WHAT THE EXERCISE ASKS
Identify and copy all lines of the material where the string "that" is found.

MATERIAL PROVIDED
★ ★ ★ ★
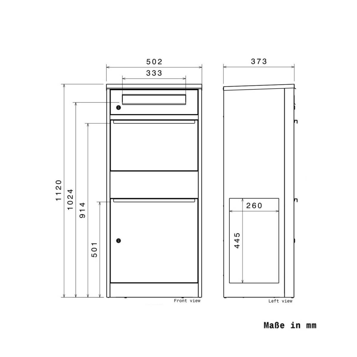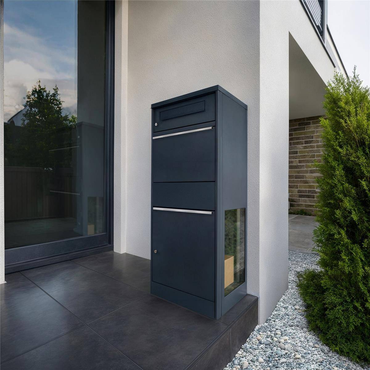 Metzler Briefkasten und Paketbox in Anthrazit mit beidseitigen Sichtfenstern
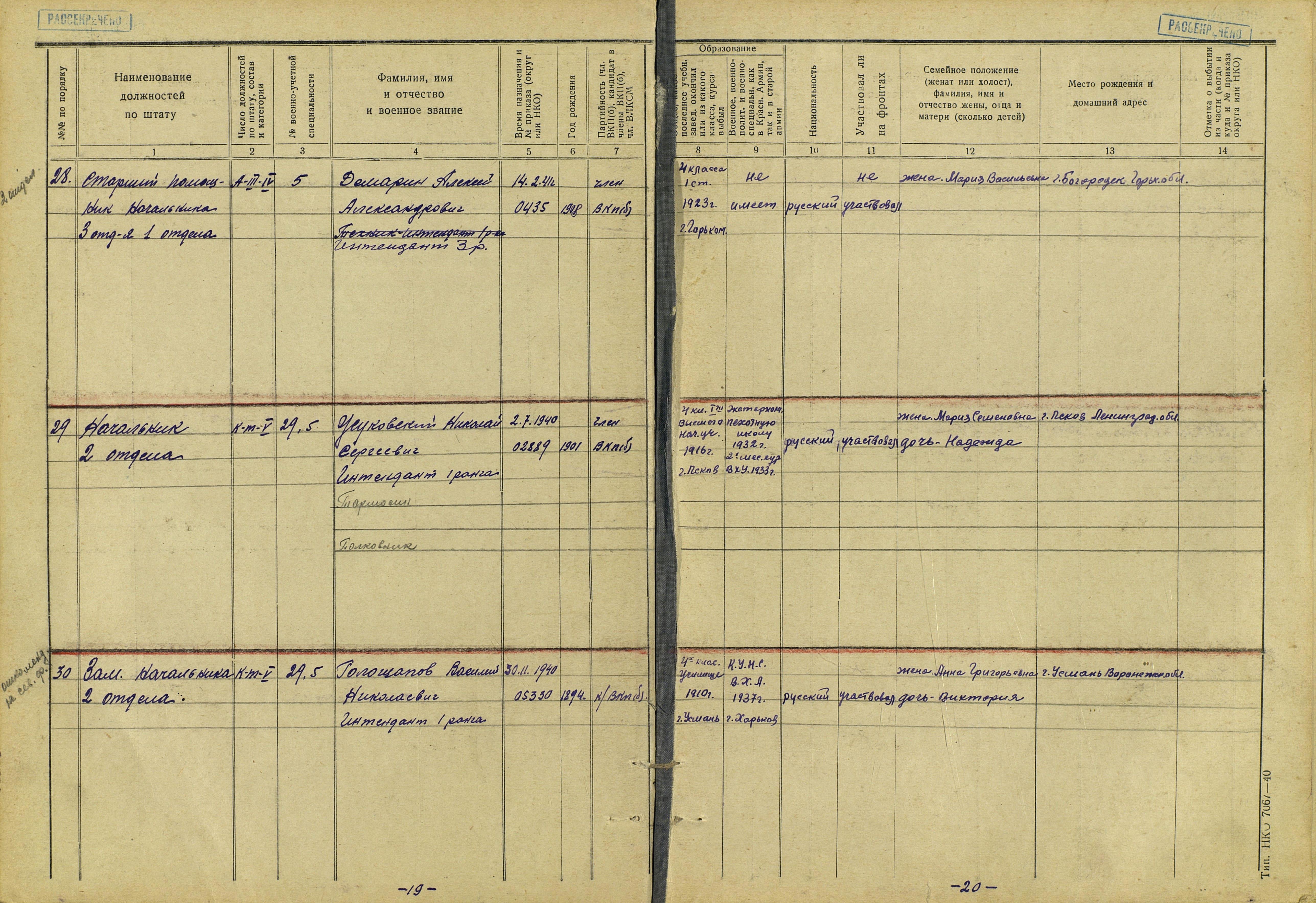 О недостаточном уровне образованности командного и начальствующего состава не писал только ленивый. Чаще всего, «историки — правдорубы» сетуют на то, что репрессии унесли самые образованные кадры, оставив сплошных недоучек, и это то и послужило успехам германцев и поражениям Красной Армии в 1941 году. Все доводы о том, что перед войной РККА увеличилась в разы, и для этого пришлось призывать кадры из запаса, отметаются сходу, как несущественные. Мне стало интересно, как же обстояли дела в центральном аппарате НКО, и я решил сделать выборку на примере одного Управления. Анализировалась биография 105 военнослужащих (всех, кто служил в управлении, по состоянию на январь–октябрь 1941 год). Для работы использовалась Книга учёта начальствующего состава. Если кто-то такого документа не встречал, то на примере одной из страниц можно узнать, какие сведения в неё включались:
★ ★ ★ ★
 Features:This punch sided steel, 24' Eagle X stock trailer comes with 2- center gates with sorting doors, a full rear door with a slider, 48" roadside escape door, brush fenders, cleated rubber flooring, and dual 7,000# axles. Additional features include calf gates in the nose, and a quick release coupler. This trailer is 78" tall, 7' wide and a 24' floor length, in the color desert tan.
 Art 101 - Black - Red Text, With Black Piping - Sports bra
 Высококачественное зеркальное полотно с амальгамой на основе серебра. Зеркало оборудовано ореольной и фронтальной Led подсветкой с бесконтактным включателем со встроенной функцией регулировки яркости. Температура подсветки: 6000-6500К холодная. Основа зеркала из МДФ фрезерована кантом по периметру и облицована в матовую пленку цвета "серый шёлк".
★ ★ ★ ★
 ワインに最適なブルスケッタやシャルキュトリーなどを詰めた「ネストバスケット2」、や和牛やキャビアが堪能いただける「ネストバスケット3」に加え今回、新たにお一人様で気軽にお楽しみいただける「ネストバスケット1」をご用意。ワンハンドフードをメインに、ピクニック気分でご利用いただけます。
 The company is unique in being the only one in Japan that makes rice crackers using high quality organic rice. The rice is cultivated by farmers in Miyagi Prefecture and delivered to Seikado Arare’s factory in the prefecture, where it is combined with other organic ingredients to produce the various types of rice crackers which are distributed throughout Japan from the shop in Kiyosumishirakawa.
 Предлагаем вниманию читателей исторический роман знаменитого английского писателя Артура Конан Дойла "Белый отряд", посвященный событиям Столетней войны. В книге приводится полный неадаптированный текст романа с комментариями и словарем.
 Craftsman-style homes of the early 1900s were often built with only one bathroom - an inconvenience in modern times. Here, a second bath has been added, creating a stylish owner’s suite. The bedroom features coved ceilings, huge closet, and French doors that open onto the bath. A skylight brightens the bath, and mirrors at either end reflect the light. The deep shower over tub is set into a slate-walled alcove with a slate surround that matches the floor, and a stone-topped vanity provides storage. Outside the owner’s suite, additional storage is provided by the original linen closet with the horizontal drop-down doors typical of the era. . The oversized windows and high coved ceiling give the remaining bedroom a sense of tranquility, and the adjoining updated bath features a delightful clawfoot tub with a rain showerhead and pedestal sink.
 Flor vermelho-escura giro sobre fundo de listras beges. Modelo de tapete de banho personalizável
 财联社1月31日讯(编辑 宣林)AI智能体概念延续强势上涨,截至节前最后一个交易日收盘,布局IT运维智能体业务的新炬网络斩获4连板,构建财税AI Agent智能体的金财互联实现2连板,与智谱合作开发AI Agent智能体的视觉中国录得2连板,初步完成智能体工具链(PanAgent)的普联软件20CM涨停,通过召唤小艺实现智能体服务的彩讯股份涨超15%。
★ ★ ★ ★
SOLUTION TO THE PROBLEM
 The company is unique in being the only one in Japan that makes rice crackers using high quality organic rice. The rice is cultivated by farmers in Miyagi Prefecture and delivered to Seikado Arare’s factory in the prefecture, where it is combined with other organic ingredients to produce the various types of rice crackers which are distributed throughout Japan from the shop in Kiyosumishirakawa.
 Craftsman-style homes of the early 1900s were often built with only one bathroom - an inconvenience in modern times. Here, a second bath has been added, creating a stylish owner’s suite. The bedroom features coved ceilings, huge closet, and French doors that open onto the bath. A skylight brightens the bath, and mirrors at either end reflect the light. The deep shower over tub is set into a slate-walled alcove with a slate surround that matches the floor, and a stone-topped vanity provides storage. Outside the owner’s suite, additional storage is provided by the original linen closet with the horizontal drop-down doors typical of the era. . The oversized windows and high coved ceiling give the remaining bedroom a sense of tranquility, and the adjoining updated bath features a delightful clawfoot tub with a rain showerhead and pedestal sink.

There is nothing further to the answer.